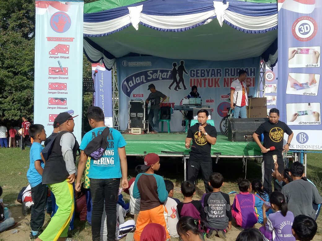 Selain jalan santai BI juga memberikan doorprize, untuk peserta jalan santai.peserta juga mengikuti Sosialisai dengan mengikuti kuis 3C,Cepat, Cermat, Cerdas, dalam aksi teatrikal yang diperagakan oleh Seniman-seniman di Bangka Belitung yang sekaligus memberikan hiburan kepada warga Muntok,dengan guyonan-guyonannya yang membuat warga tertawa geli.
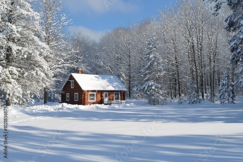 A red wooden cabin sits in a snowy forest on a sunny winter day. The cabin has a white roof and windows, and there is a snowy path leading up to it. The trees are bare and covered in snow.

- - - - -

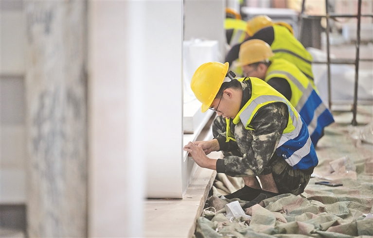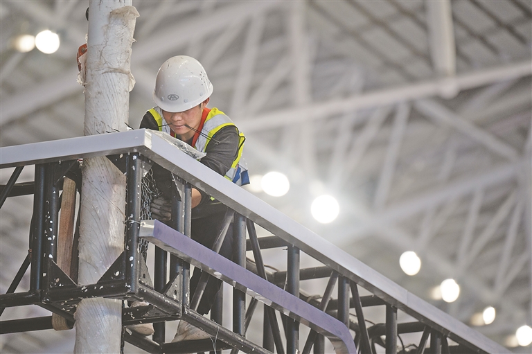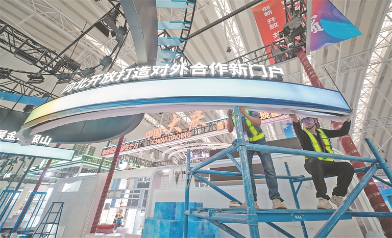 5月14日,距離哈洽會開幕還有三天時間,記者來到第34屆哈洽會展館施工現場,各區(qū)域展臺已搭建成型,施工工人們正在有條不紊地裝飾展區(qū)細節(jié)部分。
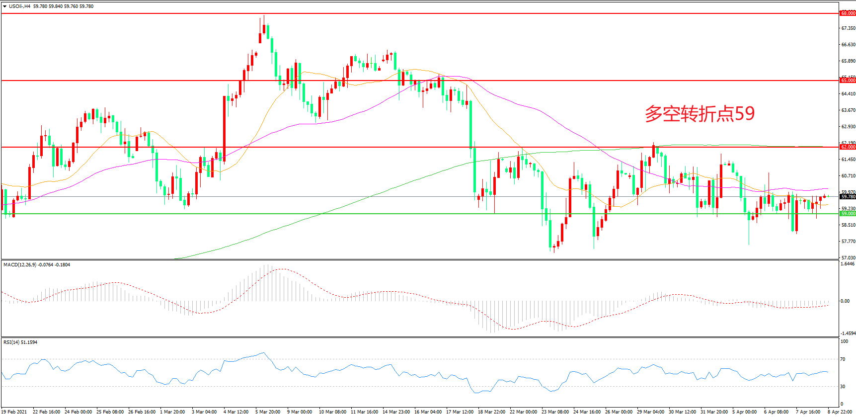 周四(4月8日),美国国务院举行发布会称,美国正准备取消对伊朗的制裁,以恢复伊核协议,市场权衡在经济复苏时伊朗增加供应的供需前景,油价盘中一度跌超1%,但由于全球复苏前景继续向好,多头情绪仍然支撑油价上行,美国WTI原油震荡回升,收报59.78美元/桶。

- - - - -

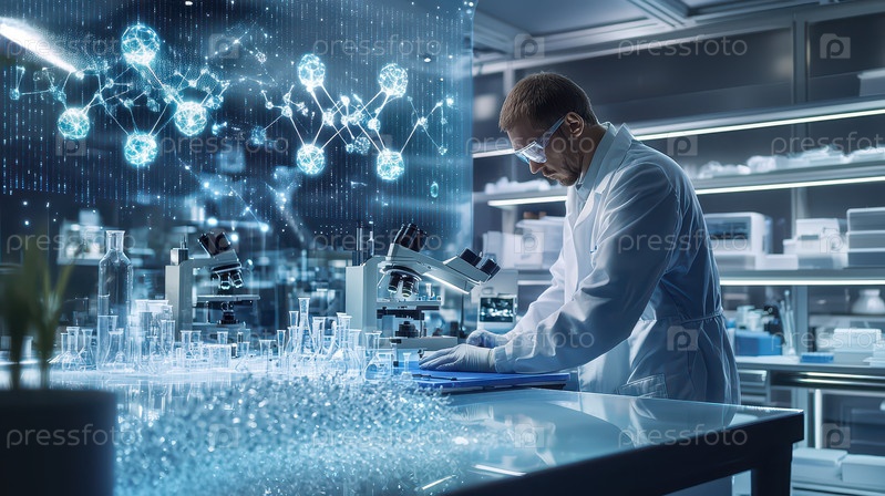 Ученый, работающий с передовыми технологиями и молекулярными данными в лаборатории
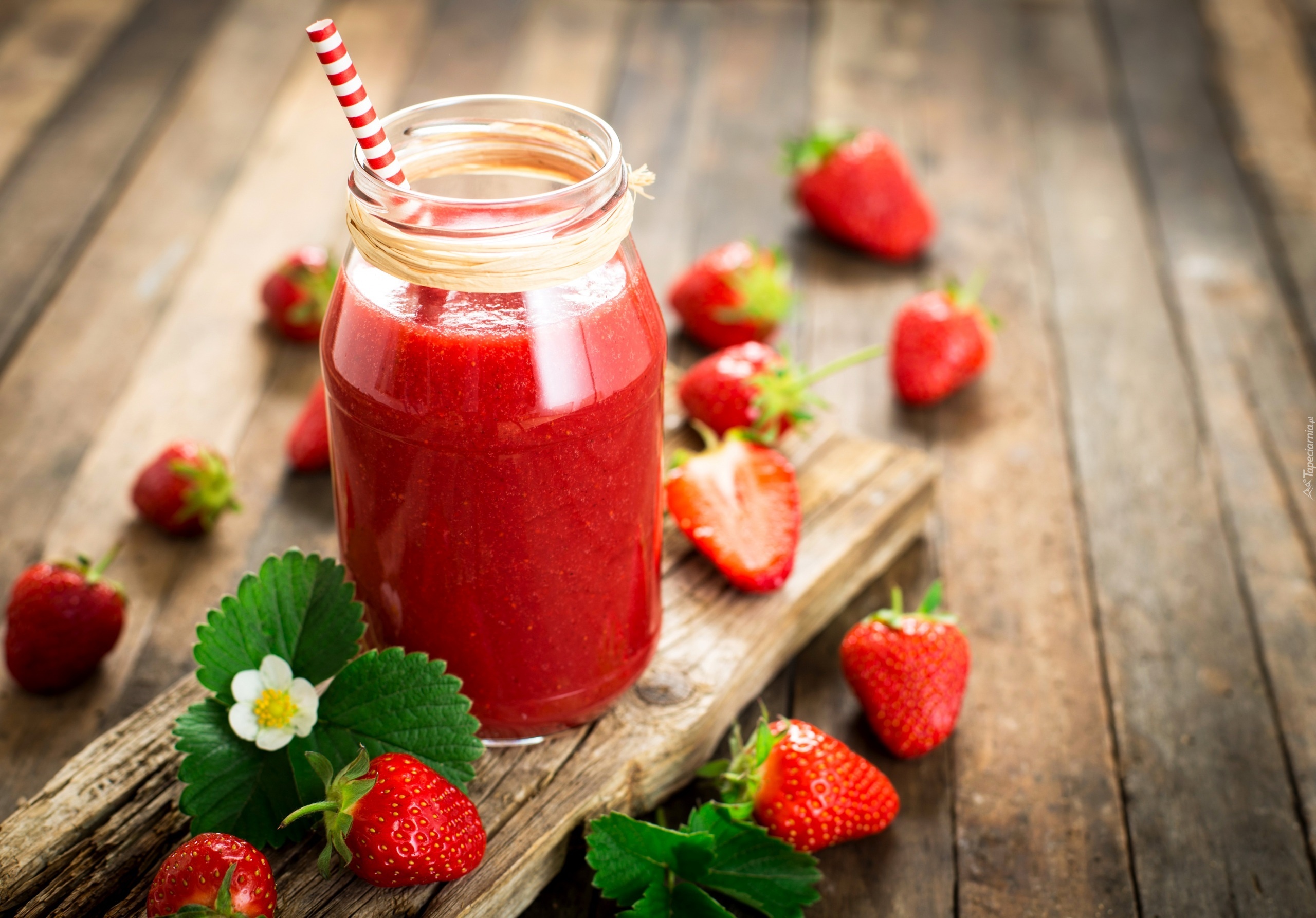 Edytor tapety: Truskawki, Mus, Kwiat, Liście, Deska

- - - - -

» Problem to solve
The reply should hold the entries above from the line with "Ученый, работающий с" to the line with "Edytor tapety: Truskawki, Mus, Kwiat, Liście, Deska", duplicated exactly, pictures excluded.

» Answer to this exercise
 Ученый, работающий с передовыми технологиями и молекулярными данными в лаборатории
 Edytor tapety: Truskawki, Mus, Kwiat, Liście, Deska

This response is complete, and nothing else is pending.